Luckily for him, his family and the entire civilized world, many more bubbles would pop in the years and decades to come. But Fielding was one of the first people to hold a sheet of Bubble Wrap in his hands, press one of its tiny air-filled sacs between his thumb and forefinger and listen to it burst.

"I remember being the first beta tester for Bubble Wrap," said Fielding, now 63, a retired journalist living in Southbury, Connecticut.

Fielding's father, the late Alfred Fielding, co-invented Bubble Wrap in 1957 and brought sheets of it home to Wayne for his only child to play with.

Fielding said it was like a "dirty little secret" of his to pop the bubbles — not because his father told him not to, but he knew his inventor dad never would pop them himself.

No one knew at the time how valuable that curious-looking creation would be, or how it eventually would revolutionize the method by which goods are packaged and shipped.

Bubble Wrap and the little machine shop the elder Alfred Fielding operated on Wagaraw Road in Hawthorne now is a multibillion-dollar enterprise, called Sealed Air Corp.

E-commerce has played a big part in the company's growth over the past decade.

The largest e-commerce company in the world, Amazon.com Inc., shipped 5 billion packages to its Prime customers last year, according to published reports. There is a "99.9 percent chance" that anyone who received a package from Amazon — or any e-commerce distributor — this holiday season also found in the box a Sealed Air product.

"The holiday effect is huge," said Chad Stephens, vice president of global innovation and development for the Product Care division of Sealed Air. "When most of the world is ramping down, we're ramping up."

Invented in Hawthorne
Fielding, an engineer schooled at Stevens Institute of Technology, was running a modest shop on the industrial corridor that parallels the Passaic River when he hooked up in the mid- to late-1950s with a Swiss experimenter named Marc Chavannes.

Their goal, Fielding said, was to make the first 3D wallpaper. It had nothing to do with packaging — not yet, anyway.

"The idea was ingenious," said T.J. Dermot Dunphy, 86, who was brought on to help manage Sealed Air in the late 1960s. "The founders had no idea it was going to be a packaging company. They just had this idea."

Dunphy, who went on to play a vital role in the rise of the company as its chief executive officer for 30 years, described the Frick-and-Frack bond between Chavannes and Fielding as symbiotic. They fed off each other's strengths, he said.

Chavannes was the "main creative force" behind the invention, Dunphy said, but he lacked technical qualifications, expertise that Fielding had covered. "They figured they were inventing the next nylon," he said. "That was their mission — their North Star."
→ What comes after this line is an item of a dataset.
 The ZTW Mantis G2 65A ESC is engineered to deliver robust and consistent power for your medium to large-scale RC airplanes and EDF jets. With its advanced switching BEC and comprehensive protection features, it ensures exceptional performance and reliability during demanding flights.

But the wallpaper idea was a flop.

When Dunphy became the company's chief executive in 1971, he found a consultant's report in the drawer of his desk that listed 400 ideas for how to use the invention. "Of course, the real business was packaging material, and that's what it was from Day One," he said.

Stars aligned for the inventors in 1960, when IBM — the IT giant, based in Armonk, New York — needed something to protect its computers from being damaged during shipment.
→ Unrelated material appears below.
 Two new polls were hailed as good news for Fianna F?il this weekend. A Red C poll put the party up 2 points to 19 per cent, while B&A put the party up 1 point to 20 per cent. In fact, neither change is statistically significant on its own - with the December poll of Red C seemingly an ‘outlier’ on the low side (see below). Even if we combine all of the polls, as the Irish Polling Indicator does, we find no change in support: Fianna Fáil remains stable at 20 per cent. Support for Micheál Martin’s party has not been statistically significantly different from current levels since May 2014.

The duo had their first major customer, and Sealed Air was established.

Hawthorne Mayor Richard Goldberg said he is proud that Bubble Wrap was invented within borough limits.

"I, like most people, always have fun popping the Bubble Wrap," said the mayor, who moved to the borough as a child in 1959. "I just missed the invention, but I've been celebrating ever since."

The current owner of the property where Fielding's shop was, Robert Scully of Scully's Ice R&L Co. Inc., at Passaic Avenue and Wagaraw Road, was familiar with much of the lore involving the beginning of Sealed Air, but he said he did not know it had happened on his land.


Scully, who retired as the borough's chief of police in 2013, said the topic of Bubble Wrap has never come up with his customers.

Growing pains moved Sealed Air from Hawthorne to Fair Lawn and, then, to Saddle Brook. Its home base for the past two years has been Charlotte, North Carolina.

Fielding said his father and Chavannes died in 1994.

Both men are enshrined in the New Jersey Inventors Hall of Fame.

Expansion and legacy
Sealed Air, which employs 15,000 people in 122 countries, reported $4.5 billion in sales last year, according to a company spokeswoman. It has been ranked on the Fortune 500 list of top revenue-generating corporations in the U.S. for 21 years.

Stephens said the rise of e-commerce has helped to build the company, but that it is "not totally dependent" on it.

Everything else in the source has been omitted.